▶ _PROBLEM_
Leaving the pictures aside, reproduce the data in full and word for word.

▶ _ENTRIES SUPPLIED_
[Start of Attachment]

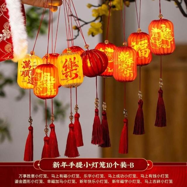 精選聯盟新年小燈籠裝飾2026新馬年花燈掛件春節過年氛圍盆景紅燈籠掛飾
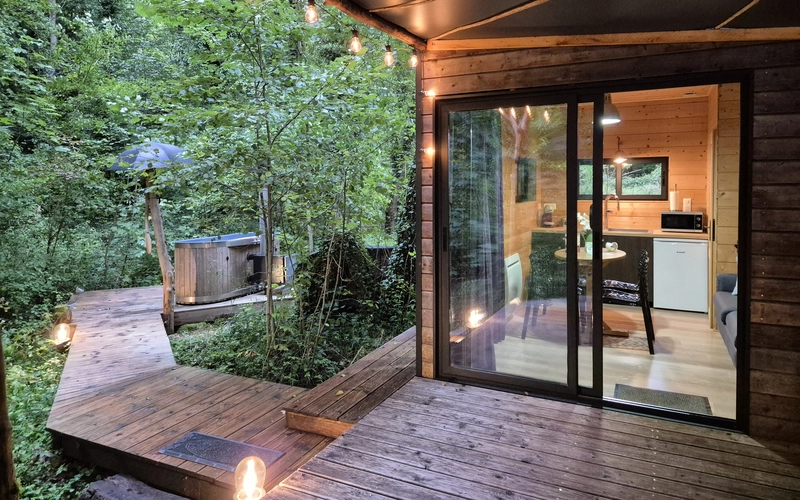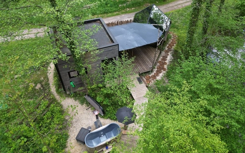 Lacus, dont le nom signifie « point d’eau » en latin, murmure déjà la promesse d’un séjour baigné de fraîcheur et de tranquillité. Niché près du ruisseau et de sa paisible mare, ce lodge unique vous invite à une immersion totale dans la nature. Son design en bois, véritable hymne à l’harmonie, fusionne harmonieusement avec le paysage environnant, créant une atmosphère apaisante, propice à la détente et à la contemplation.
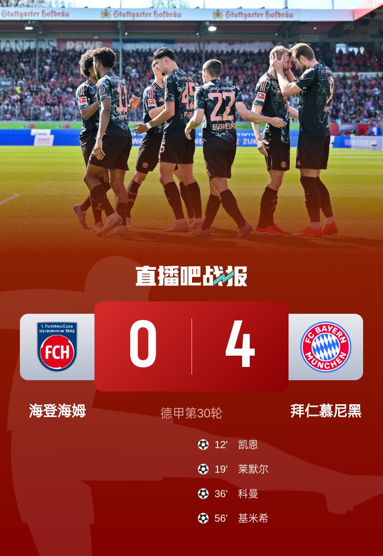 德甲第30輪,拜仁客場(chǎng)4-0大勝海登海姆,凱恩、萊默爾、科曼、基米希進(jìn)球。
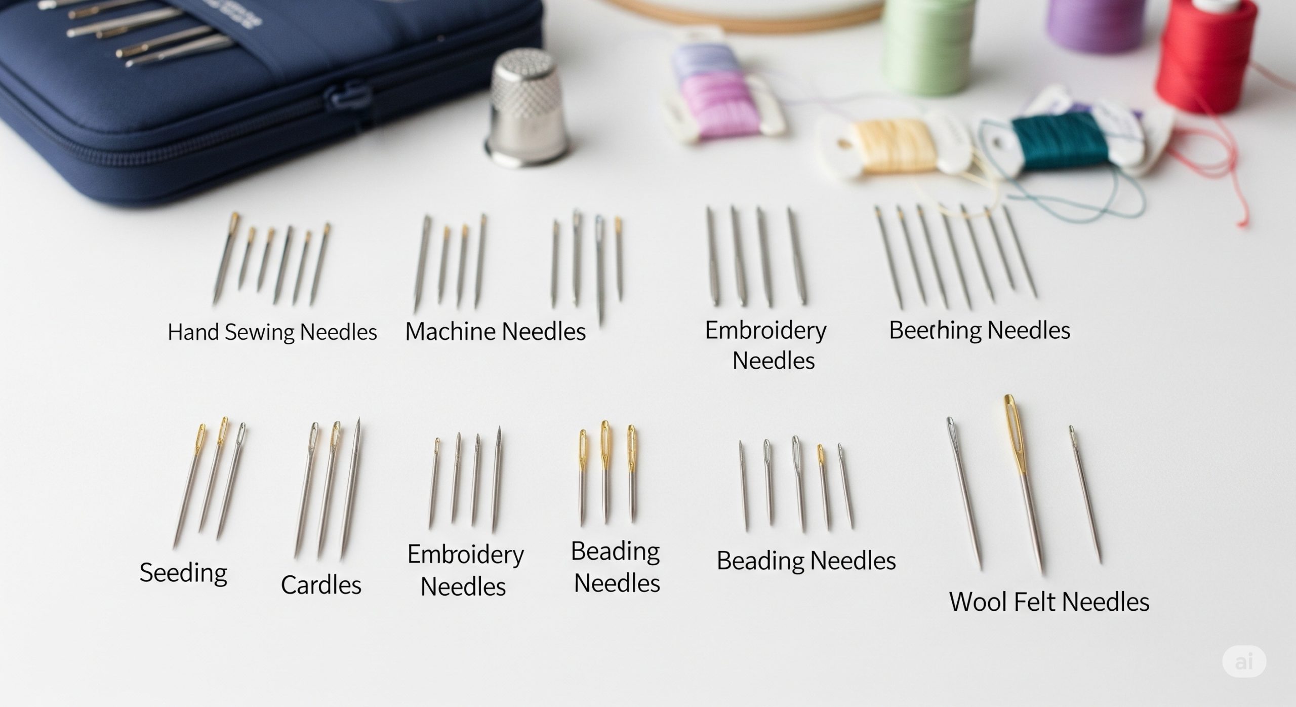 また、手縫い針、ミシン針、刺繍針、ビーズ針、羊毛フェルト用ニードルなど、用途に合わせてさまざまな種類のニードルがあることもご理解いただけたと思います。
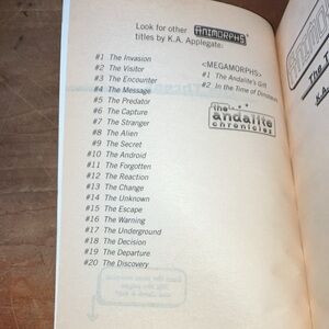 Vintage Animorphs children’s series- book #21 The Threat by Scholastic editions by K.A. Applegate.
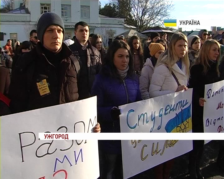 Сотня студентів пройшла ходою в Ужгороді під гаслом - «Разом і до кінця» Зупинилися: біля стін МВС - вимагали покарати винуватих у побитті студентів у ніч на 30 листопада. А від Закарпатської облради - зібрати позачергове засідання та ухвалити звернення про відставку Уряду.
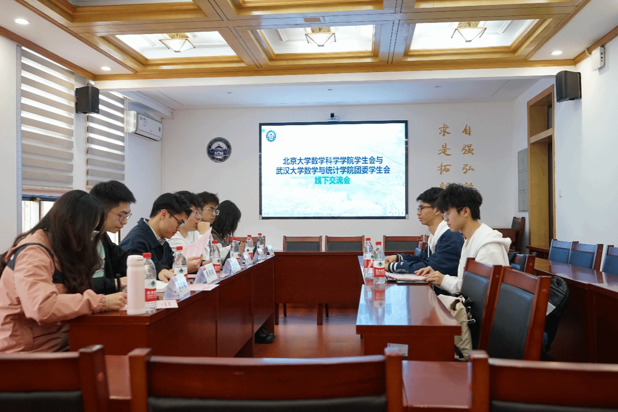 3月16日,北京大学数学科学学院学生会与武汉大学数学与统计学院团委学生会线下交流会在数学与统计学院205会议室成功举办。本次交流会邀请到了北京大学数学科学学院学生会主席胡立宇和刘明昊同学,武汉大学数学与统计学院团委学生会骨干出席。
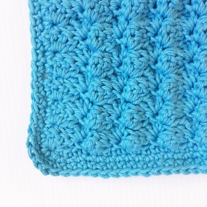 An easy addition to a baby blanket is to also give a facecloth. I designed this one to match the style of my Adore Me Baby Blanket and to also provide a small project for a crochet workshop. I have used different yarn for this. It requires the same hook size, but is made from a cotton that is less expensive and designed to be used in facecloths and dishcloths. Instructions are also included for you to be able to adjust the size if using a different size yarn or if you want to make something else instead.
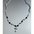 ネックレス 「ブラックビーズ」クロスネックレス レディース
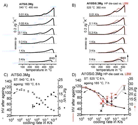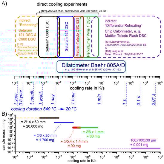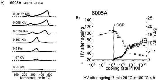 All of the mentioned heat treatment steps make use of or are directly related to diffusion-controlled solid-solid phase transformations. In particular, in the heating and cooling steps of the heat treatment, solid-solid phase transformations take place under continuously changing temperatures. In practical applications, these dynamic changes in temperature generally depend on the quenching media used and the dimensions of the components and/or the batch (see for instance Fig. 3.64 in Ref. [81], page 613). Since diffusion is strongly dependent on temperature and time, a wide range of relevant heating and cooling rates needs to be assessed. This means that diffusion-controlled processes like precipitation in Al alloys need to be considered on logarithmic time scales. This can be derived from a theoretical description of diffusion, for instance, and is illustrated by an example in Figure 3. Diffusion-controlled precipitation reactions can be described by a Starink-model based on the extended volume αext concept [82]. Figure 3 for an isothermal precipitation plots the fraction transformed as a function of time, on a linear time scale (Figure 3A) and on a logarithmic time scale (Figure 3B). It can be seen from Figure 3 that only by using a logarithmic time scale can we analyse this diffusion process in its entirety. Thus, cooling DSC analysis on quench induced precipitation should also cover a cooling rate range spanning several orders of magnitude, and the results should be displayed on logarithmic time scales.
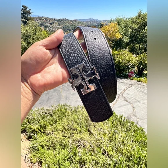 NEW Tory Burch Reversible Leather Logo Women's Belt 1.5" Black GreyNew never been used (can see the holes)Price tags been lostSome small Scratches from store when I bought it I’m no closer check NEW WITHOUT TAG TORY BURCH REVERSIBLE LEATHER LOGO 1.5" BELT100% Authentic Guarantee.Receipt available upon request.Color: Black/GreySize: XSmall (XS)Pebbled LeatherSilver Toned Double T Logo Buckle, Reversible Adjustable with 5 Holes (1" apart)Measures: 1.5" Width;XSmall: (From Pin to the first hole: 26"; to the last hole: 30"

[End of Attachment]

▶ _ANSWER FOR THE TASK_
 精選聯盟新年小燈籠裝飾2026新馬年花燈掛件春節過年氛圍盆景紅燈籠掛飾
 Lacus, dont le nom signifie « point d’eau » en latin, murmure déjà la promesse d’un séjour baigné de fraîcheur et de tranquillité. Niché près du ruisseau et de sa paisible mare, ce lodge unique vous invite à une immersion totale dans la nature. Son design en bois, véritable hymne à l’harmonie, fusionne harmonieusement avec le paysage environnant, créant une atmosphère apaisante, propice à la détente et à la contemplation.
 德甲第30輪,拜仁客場(chǎng)4-0大勝海登海姆,凱恩、萊默爾、科曼、基米希進(jìn)球。
 また、手縫い針、ミシン針、刺繍針、ビーズ針、羊毛フェルト用ニードルなど、用途に合わせてさまざまな種類のニードルがあることもご理解いただけたと思います。
 Vintage Animorphs children’s series- book #21 The Threat by Scholastic editions by K.A. Applegate.
 Сотня студентів пройшла ходою в Ужгороді під гаслом - «Разом і до кінця» Зупинилися: біля стін МВС - вимагали покарати винуватих у побитті студентів у ніч на 30 листопада. А від Закарпатської облради - зібрати позачергове засідання та ухвалити звернення про відставку Уряду.
 3月16日,北京大学数学科学学院学生会与武汉大学数学与统计学院团委学生会线下交流会在数学与统计学院205会议室成功举办。本次交流会邀请到了北京大学数学科学学院学生会主席胡立宇和刘明昊同学,武汉大学数学与统计学院团委学生会骨干出席。
 An easy addition to a baby blanket is to also give a facecloth. I designed this one to match the style of my Adore Me Baby Blanket and to also provide a small project for a crochet workshop. I have used different yarn for this. It requires the same hook size, but is made from a cotton that is less expensive and designed to be used in facecloths and dishcloths. Instructions are also included for you to be able to adjust the size if using a different size yarn or if you want to make something else instead.
 ネックレス 「ブラックビーズ」クロスネックレス レディース
 All of the mentioned heat treatment steps make use of or are directly related to diffusion-controlled solid-solid phase transformations. In particular, in the heating and cooling steps of the heat treatment, solid-solid phase transformations take place under continuously changing temperatures. In practical applications, these dynamic changes in temperature generally depend on the quenching media used and the dimensions of the components and/or the batch (see for instance Fig. 3.64 in Ref. [81], page 613). Since diffusion is strongly dependent on temperature and time, a wide range of relevant heating and cooling rates needs to be assessed. This means that diffusion-controlled processes like precipitation in Al alloys need to be considered on logarithmic time scales. This can be derived from a theoretical description of diffusion, for instance, and is illustrated by an example in Figure 3. Diffusion-controlled precipitation reactions can be described by a Starink-model based on the extended volume αext concept [82]. Figure 3 for an isothermal precipitation plots the fraction transformed as a function of time, on a linear time scale (Figure 3A) and on a logarithmic time scale (Figure 3B). It can be seen from Figure 3 that only by using a logarithmic time scale can we analyse this diffusion process in its entirety. Thus, cooling DSC analysis on quench induced precipitation should also cover a cooling rate range spanning several orders of magnitude, and the results should be displayed on logarithmic time scales.
 NEW Tory Burch Reversible Leather Logo Women's Belt 1.5" Black GreyNew never been used (can see the holes)Price tags been lostSome small Scratches from store when I bought it I’m no closer check NEW WITHOUT TAG TORY BURCH REVERSIBLE LEATHER LOGO 1.5" BELT100% Authentic Guarantee.Receipt available upon request.Color: Black/GreySize: XSmall (XS)Pebbled LeatherSilver Toned Double T Logo Buckle, Reversible Adjustable with 5 Holes (1" apart)Measures: 1.5" Width;XSmall: (From Pin to the first hole: 26"; to the last hole: 30"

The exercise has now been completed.